*** Data supplied Section Begins ***
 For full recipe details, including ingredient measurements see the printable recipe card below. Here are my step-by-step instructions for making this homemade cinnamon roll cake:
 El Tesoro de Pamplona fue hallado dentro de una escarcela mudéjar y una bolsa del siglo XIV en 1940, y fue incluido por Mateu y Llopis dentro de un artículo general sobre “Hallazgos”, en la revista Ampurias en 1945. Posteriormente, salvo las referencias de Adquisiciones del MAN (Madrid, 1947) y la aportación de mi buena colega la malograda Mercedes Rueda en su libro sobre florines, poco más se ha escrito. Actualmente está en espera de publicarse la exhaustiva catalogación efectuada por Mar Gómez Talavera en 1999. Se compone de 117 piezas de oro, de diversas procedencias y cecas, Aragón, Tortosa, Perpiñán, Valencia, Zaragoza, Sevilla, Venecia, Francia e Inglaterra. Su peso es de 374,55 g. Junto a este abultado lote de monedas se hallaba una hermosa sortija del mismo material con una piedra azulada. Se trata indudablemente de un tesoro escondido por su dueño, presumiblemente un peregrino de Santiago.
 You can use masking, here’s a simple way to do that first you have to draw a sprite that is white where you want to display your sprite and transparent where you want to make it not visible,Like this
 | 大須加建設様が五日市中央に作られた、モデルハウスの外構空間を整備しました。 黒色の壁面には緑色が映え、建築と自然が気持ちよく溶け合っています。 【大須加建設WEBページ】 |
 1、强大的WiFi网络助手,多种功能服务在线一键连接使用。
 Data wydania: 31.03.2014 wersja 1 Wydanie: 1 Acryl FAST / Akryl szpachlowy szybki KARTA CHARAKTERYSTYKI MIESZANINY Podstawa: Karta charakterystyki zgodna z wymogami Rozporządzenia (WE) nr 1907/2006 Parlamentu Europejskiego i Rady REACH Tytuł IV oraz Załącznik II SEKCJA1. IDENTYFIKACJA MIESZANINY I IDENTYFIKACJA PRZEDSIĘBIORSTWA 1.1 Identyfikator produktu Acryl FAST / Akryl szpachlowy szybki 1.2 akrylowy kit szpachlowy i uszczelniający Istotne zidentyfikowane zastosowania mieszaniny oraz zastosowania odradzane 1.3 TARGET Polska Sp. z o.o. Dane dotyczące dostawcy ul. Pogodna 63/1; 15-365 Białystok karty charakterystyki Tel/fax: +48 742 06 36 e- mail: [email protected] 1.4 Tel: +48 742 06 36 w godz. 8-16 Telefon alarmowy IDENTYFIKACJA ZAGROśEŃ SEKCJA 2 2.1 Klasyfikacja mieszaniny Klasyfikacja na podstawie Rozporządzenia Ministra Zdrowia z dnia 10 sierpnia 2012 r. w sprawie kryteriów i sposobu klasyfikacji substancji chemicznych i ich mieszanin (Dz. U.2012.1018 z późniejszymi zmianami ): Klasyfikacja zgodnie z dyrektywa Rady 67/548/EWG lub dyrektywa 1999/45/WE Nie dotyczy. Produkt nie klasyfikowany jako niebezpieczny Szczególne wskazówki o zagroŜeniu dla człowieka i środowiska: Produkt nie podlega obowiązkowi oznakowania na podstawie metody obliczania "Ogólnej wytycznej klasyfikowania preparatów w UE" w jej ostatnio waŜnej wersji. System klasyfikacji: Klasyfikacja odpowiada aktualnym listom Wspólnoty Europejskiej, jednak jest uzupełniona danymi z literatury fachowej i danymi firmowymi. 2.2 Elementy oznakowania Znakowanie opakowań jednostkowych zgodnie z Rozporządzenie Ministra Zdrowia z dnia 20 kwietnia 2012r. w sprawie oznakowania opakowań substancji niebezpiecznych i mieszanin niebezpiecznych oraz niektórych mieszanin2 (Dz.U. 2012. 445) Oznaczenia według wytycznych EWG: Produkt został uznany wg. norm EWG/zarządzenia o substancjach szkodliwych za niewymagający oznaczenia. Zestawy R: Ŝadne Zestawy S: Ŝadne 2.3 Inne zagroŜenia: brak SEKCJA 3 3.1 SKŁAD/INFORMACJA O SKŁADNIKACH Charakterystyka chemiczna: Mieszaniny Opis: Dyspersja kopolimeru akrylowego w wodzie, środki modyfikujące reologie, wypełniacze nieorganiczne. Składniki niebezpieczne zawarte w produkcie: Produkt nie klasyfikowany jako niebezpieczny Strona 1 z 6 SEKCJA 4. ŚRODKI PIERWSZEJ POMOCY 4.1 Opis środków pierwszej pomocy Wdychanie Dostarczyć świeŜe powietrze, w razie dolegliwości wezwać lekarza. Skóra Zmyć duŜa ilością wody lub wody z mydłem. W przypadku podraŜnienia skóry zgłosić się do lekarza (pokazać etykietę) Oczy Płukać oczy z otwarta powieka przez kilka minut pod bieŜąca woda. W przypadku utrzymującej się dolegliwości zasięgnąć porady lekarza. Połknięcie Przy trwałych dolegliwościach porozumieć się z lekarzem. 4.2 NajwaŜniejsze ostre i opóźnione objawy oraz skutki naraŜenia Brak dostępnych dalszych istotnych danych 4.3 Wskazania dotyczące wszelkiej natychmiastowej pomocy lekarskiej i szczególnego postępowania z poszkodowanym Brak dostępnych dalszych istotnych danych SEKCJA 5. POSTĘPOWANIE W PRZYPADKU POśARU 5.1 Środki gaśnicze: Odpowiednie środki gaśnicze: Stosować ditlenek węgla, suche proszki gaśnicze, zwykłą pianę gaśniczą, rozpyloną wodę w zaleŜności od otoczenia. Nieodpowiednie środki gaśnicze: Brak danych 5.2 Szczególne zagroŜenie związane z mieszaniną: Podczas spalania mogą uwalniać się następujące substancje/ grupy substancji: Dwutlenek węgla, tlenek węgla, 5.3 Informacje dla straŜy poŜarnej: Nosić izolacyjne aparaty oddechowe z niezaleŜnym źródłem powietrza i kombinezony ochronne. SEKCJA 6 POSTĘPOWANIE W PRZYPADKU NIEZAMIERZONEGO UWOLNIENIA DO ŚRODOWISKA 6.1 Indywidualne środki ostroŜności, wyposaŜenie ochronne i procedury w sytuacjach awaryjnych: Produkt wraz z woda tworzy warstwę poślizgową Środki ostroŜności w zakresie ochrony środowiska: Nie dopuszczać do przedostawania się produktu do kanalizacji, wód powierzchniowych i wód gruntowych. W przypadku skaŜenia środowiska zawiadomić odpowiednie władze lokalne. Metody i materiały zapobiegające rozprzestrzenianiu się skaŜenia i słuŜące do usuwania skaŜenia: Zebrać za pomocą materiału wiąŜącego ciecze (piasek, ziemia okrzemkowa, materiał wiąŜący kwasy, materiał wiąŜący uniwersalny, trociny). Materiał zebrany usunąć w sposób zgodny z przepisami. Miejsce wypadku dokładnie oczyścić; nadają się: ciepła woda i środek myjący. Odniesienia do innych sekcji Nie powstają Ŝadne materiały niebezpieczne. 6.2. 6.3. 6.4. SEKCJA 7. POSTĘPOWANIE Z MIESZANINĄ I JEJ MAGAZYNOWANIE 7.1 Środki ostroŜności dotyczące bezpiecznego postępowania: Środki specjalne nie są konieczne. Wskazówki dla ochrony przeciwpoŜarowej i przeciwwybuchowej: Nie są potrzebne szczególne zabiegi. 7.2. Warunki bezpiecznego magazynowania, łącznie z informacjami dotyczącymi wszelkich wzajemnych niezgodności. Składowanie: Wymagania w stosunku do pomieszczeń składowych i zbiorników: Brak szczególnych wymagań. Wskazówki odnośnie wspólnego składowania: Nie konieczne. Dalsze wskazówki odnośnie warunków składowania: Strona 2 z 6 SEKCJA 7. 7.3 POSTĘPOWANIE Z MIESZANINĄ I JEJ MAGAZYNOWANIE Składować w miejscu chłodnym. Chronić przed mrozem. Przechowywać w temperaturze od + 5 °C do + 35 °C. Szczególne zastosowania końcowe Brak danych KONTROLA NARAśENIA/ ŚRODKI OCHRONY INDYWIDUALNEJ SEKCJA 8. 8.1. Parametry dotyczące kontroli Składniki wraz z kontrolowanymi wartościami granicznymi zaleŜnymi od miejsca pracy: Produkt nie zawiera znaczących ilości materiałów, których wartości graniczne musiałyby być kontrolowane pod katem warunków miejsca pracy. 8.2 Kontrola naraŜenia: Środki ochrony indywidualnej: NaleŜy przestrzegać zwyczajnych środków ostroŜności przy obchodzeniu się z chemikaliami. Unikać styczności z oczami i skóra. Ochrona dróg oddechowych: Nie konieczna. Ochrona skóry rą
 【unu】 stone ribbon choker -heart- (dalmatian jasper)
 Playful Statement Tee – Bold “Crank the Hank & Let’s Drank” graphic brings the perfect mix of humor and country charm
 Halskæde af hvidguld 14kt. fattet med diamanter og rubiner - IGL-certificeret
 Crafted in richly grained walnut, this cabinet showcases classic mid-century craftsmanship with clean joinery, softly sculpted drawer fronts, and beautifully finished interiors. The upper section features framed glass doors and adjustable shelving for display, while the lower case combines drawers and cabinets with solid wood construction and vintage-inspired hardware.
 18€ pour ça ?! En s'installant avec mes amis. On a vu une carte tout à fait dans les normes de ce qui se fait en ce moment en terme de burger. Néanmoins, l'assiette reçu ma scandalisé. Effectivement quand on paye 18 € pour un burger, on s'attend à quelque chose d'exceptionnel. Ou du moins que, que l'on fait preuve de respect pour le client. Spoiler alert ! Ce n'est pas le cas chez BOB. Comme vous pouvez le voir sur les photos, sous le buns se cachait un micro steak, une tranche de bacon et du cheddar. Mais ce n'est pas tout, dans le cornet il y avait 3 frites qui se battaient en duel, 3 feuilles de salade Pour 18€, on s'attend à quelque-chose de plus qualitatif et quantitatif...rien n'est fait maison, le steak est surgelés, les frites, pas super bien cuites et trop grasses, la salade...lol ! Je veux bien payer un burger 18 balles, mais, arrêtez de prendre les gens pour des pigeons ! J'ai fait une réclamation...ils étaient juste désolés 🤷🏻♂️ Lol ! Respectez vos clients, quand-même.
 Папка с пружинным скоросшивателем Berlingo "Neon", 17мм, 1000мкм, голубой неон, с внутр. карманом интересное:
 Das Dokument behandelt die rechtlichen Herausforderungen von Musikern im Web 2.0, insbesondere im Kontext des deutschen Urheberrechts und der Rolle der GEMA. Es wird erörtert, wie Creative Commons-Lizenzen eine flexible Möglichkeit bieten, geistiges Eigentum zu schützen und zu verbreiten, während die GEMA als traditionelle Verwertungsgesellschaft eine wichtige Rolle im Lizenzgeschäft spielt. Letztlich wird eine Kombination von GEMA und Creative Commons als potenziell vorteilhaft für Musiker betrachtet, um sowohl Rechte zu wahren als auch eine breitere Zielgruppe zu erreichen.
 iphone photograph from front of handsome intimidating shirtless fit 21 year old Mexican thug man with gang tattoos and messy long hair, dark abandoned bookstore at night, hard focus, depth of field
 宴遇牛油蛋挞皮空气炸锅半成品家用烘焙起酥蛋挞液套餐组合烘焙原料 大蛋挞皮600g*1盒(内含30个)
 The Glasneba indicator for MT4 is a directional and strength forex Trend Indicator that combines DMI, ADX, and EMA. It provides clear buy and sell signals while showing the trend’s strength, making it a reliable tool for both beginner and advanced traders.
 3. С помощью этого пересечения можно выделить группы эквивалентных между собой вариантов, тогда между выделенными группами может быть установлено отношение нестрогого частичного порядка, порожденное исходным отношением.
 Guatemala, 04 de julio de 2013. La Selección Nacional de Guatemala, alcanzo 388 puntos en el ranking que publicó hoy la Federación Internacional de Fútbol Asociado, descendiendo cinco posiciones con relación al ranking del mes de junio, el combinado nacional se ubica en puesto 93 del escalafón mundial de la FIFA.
*** Data supplied Section Ends ***
In the entries, find every line holding "display" and copy it.

 You can use masking, here’s a simple way to do that first you have to draw a sprite that is white where you want to display your sprite and transparent where you want to make it not visible,Like this
 Crafted in richly grained walnut, this cabinet showcases classic mid-century craftsmanship with clean joinery, softly sculpted drawer fronts, and beautifully finished interiors. The upper section features framed glass doors and adjustable shelving for display, while the lower case combines drawers and cabinets with solid wood construction and vintage-inspired hardware.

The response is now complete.